Barium swallow showing fistulous communication.

Fig. 2

(A) CT THORAX – Showing fistula between left bronchus and esophagus. (B & C) 3D reconstruction of computed tomography thorax showing fistula between left bronchus and esophagus.

She was started on antituberculous treatment modified according to weight and nasogastric feeding started. Treatment comprised of an intensive phase for the first two months in which four antituberculous drugs (Isoniazid, Rifampicin, Pyrazinamide, Ethambutol) were given. This was followed by a continuation phase for next four months consisting of two drugs (Isoniazid and Rifampicin). Bronchoscopy was done after completing 4 months of treatment and showed normal bronchial lumen with disappearance of fistulous tract.Computed tomography of thorax showed resolution of lung lesions without any fistula. She completed 6 months of antituberculous treatment and remains asymptomatic till date.

Discussion

BEF poses a challenge to the clinician for accurate diagnosis which if confirmed can offer the patient a potential cure from repeated pulmonary infections. Patients with BEF usually present with recurrent lower resporatory tract infection. The most characteristic symptom is paroxysmal cough particularly following ingestion of liquids. Some patients are able to avoid the paroxysms of cough by swallowing in the supine position (Ono's sign) [2]. Other symptoms include fullness of stomach with air following expiration. The fistula does not usually give rise to physical signs.

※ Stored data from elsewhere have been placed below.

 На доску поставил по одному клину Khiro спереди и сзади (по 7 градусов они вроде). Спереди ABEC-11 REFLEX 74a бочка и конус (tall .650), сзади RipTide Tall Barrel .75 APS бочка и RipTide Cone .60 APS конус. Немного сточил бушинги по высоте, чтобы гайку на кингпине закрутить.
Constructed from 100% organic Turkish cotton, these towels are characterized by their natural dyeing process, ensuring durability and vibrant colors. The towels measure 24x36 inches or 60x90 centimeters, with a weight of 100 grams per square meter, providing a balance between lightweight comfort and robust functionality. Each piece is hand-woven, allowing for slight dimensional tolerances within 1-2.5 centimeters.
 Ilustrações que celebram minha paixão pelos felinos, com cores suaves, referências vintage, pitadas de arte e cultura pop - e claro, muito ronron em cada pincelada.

BEF are divided into two broad categories as congenital and acquired. Braimbridge and Keith classified congenital BEF into four types depending on the site of the fistulous tract [2]. 49% of acquired BEF are malignant in etiology and the rest are secondary to benign causes such as trauma, tuberculosis, actinomycosis and esophageal diverticulosis. (Table 1) [3].

Table 1

Causes of acquired esophagobronchial fistula.

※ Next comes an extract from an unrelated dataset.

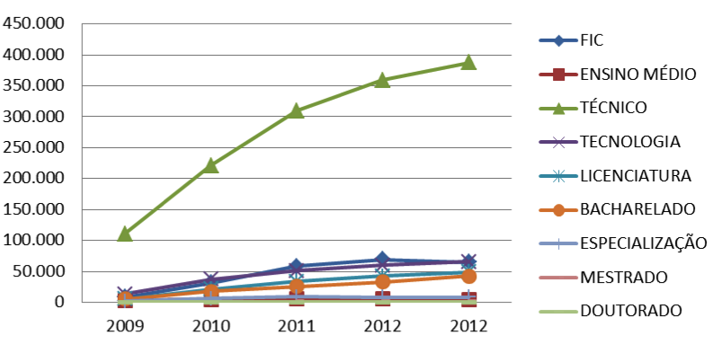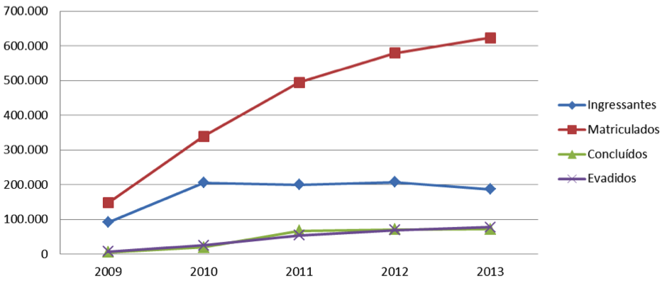 Tal fato acarreta índices de retenção e de evasão que requerem a atenção das instituições, em âmbito local e também nacionalA Secretaria de Educação Profissional e Tecnológica do Ministério da Educação – SETEC/MEC tem feito um monitoramento dos índices de rendimento da Rede Federal, bem como das ações estratégicas para redução da evasão e aumento da permanência e êxito, por meio do Ofício Circular nº 77/2015-DDR/SETEC/MEC e da Nota Informativa 138/2015-DPE e DDR/SETEC/MEC, em cumprimento ao Acórdão TCU nº 503/2013., uma vez que com a ampliação do acesso o aumento das situações de evadidos também aumenta, como pode ser visto na figura abaixo.

I. Intra thoracic malignancy – most common cause.

II. Infections

Tuberculosis

Fungal

Actinomycosis

Histoplasmosis

Syphilis

III. Trauma

Foreign body ingestion

– Instrumentation

– Crushing trauma

– Operative trauma

– Chemical burns

The development of BEF in tuberculosis and other granulomatous diseases are related to mediastinal lymph node involvement [4]. Inflammation in and around these enlarged lymph nodes lead to involvement of neighboring structures or organs particularly the esophagus and the trachea near its bifurcation resulting in periesophagitis and peritracheitis. Subsequent healing with scar formation may produce a typical traction diverticulum of the midesophagus [5]. If, however necrosis and caseation occur in the lymph nodes with local abscess formation, secondary rupture into the esophagus, trachea or main stem bronchi results in fistula. There was evidence of numerous necrotic mediastinal lymphnodes in the computed tomography performed in our patient. Henceforth, fistula would have been caused by the erosion of lymphnode rather than a primary bronchial tuberculosis.

The therapy of esophagobronchial communication is usually surgical, performed by division of the fistulous tract and resection of any portion of the lung irreversibly damaged by the suppurative process. If the fistulous tract originates from lymph nodes with no parenchymal complication, simple ligation and resection of the fistula can be performed [6]. However, in our case surgical treatment was not required. In a similar study in 3 patients infected with human immunodeficiency virus presenting with tuberculous bronchoesophageal fistula, antituberculous chemotherapy and nasogastric feeding resulted in healing of all fistulae [7]. Thus, tuberculous BEF if diagnosed early, both the causative process and the complicating fistula may be effectively treated with antituberculous chemotherapy without the need of surgical intervention [8].

Conflict of interest

We, authors here by declare that we have no conflict of interest regarding the publication of this article. This article has not been published elsewhere or has not been sent to another journal.